Y la seguí. Llegué detrás de ella hasta la puerta de su tapia, que abrió con llave, temblándole, a mi parecer, las delgadas manos. Entró, cerró, y ya no vi más que el ramaje caduco de la pomarada, ni oí sino a una tórtola que plañía oculta en él: «¡Arróo! ¡Arróo!». Su canto me pasaba el corazón de pena; no sé por qué, en un rapto lírico me parecía encontrarme abandonado, sin pareja en el mundo... Todo por haber visto unas hebras doradas esparcidas sobre una falda de lana negra y una lumbrarada ruborosa de sol poniente en una tez de mujer.
En suma: yo me creía enamorado de Carmela, la Vergonzosa. ¡Ojalá lo estuviese!
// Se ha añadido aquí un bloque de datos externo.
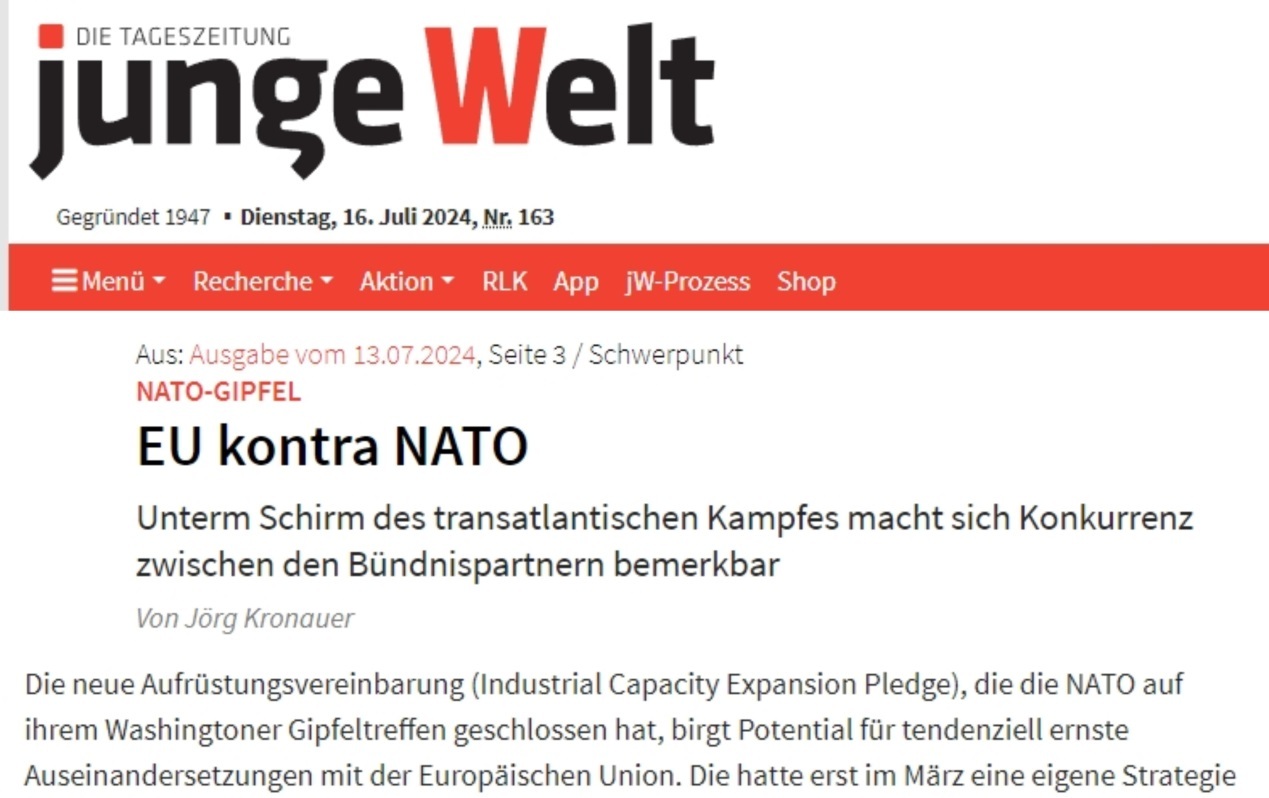 諷刺的是,為了借這場(chǎng)危機(jī)重振歐洲軍工產(chǎn)業(yè)、擺脫對(duì)美依賴,歐盟委員會(huì)今年3月剛剛公布了歐盟首份《歐洲國防工業(yè)戰(zhàn)略》。但有德國媒體警告,北約華盛頓峰會(huì)上達(dá)成的《工業(yè)能力擴(kuò)張承諾協(xié)議》或?qū)⑹箽W盟與北約爆發(fā)嚴(yán)重爭(zhēng)端。
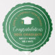 This green and gold custom senior graduation party balloon features classy white typography under a high school or college grad cap for the class of 2026. Customize with your graduating year and senior graduate name under the chic Congratulations calligraphy.

A estarlo, porfiaría doblemente en hablarle, en acercarme a ella, y tal vez hubiésemos sido felices... Rondé su tapia, deseoso de escuchar el golpe del azadón con que cavaba el huerto, esperanzado en que un día cantase o llamase a una gallina o al perro del guarda... Nunca oí más que el acento lleno de enfermiza nostalgia de la tórtola, que parecía decir: «Sólo el dolor es verdad...». Espié sus ventanas, por si cruzaba su sombra; fui cien veces a la ermita, y me convencí de que Carmela tenía vergüenza de oír misa si junto a la pila del agua bendita la esperaba el contacto de la yema de mis dedos, cargados de eléctrica energía, mensajeros de un estado de alma...
En el pueblo se formó una leyenda. Quizá sería Carmela la única que la ignorase. Mis amigachos me crucificaron a bromas. Yo era un sandio si no escribía una carta incendiaria o si una noche de luna no saltaba las tapias del huerto. Y lo hubiese hecho, a no contenerme una fuerza extraña, invisible: la fuerza de aquella vergüenza sagrada, celestial, el verdadero atractivo de Carmela para mí... Postrado ante la imagen de la Vergonzosa, que llevaba impresa en mi fatigado corazón, la flor del capricho iba cristalizando en respeto; el amor se volvía culto. De tal manera, que sería ya un desencanto para mí si Carmela se asomase, si su voz o su andar resonasen detrás de los tapiales que la frondosidad de los manzanos abruma. Y así, bendiciendo la misma vergüenza que me apartaba de Carmela hasta la eternidad, salí de Vilasanta del Maestre, cuando me llamó a otra parte mi estrella, sin que nunca haya sabido qué fue de mi sueño de un instante.